* _Source data_
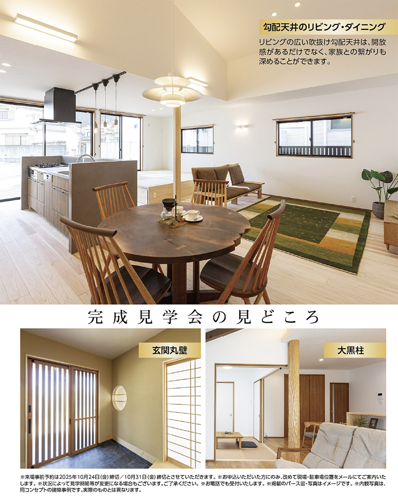 2025年10月25日(土)・26日(日)・11月1日(土)・2日(日)・3日(月・祝)予約制完成見学会を開催
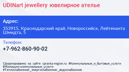 UDINart jewellery, ювелирное ателье по адресу 353915, Краснодарский край, Новороссийск, Лейтенанта Шмидта, 5 в дальнейшем Организация, размещена в следующих категориях:
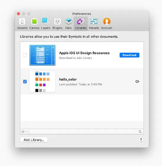 색상 문서를 라이브러리로 전환하는 방법은Sketch > Preferences > Add Library > 라이브러리 문서 선택위의 예제를 사용하여 hello_color 문서를 첫 번째 라이브러리로 만들었습니다.
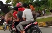 Seorang Pemotor Dikeroyok 3 Orang Pemuda, Korban Terjatuh Bersama Motor, Videonya Viral

* _To do_
Write the data above out again exactly, minus its pictures.

* _Answer box_
 2025年10月25日(土)・26日(日)・11月1日(土)・2日(日)・3日(月・祝)予約制完成見学会を開催
 UDINart jewellery, ювелирное ателье по адресу 353915, Краснодарский край, Новороссийск, Лейтенанта Шмидта, 5 в дальнейшем Организация, размещена в следующих категориях:
 색상 문서를 라이브러리로 전환하는 방법은Sketch > Preferences > Add Library > 라이브러리 문서 선택위의 예제를 사용하여 hello_color 문서를 첫 번째 라이브러리로 만들었습니다.
 Seorang Pemotor Dikeroyok 3 Orang Pemuda, Korban Terjatuh Bersama Motor, Videonya Viral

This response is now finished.